COURSERA CAPSTONE PROJECT SWIFTKEY

To improve accuracy, Jelinek-Mercer smoothing was used in the algorithm, combining trigram, bigram, and unigram probabilities. The accuracy of the prediction depends on the continuity of the text entered. Use of the application is straightforward and can be easily adapted to many educational and commercial uses. As depicted below, the user begins just by typing some text without punctuation in the supplied input box. When the user enters a word or phrase the app will use the predictive algorithm to suggest the most likely sucessive word.

Remove Profanity words Profanity words are removed from the corpus data. Datasets can be found https: As part of the prediction model, the generated stems will be used to gererate and algorithm to match input phrases, in order to predict the word that will be displayed next. Cleaning the data is a critical step for ngram and tokenization process. Note that the document term matrix is a sample of all 3 documents, therefore the visualizations shown below include the 3 document datasets in scope. Less data has its cost, I assume it will decrease the accuracy of the prediction. Data Processing After we load libraries our first step is to get the data set from the Coursera website.

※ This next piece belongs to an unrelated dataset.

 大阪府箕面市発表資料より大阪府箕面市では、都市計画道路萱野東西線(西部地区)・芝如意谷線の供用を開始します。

It has provided some interesting facts about how the data looks like. Using the algorithm, a Shiny Natural Language Processing application was developed that accepts a phrase as input, suggests word completion from awiftkey unigrams, and predicts the most likely next word based on the linear interpolation of trigrams, bigrams, and unigrams.

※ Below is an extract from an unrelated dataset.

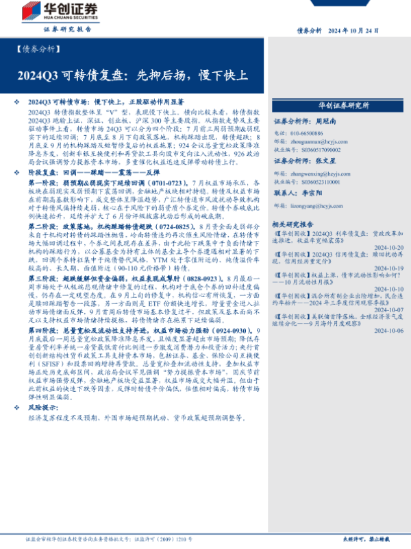 【华创证券】【20241024】2024Q3可转债复盘:先抑后扬,慢下快上-15页

Data Visualization Now that the data is cleaned, we can visualize our data to better understand what we are working with.

  HOMEWORK HA IL PLURALE

Coursera Swiftkey Word Prediction Capstone Project

There are 3 files coming from blogs, news and twitter data. From our data processing we noticed the data sets are very big. White paper can be found http: We must clean the data set.

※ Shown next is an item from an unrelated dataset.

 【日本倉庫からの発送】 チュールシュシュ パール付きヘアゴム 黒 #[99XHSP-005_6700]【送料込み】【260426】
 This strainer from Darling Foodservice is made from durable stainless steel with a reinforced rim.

coursera capstone project swiftkey

Create Uni-grams Uni-gram frequency table is created doursera the corpus. Love to see you. Term frequencies are identified for the most common words in the dataset and a frequency table is created.

Capstone Project SwiftKey

Less data has its cost, I assume it will decrease the accuracy of the prediction. Create Tri-grams Tri-gram frequency table is created for the corpus.

coursera capstone project swiftkey

Stored N-gram frequencies of the corpus source is used to predicting the successive word in a sequence of words. Now that the data is cleaned, we can visualize our data to better understand what we are working with. When the user enters a word or phrase the app will use the predictive algorithm to suggest the most likely sucessive word.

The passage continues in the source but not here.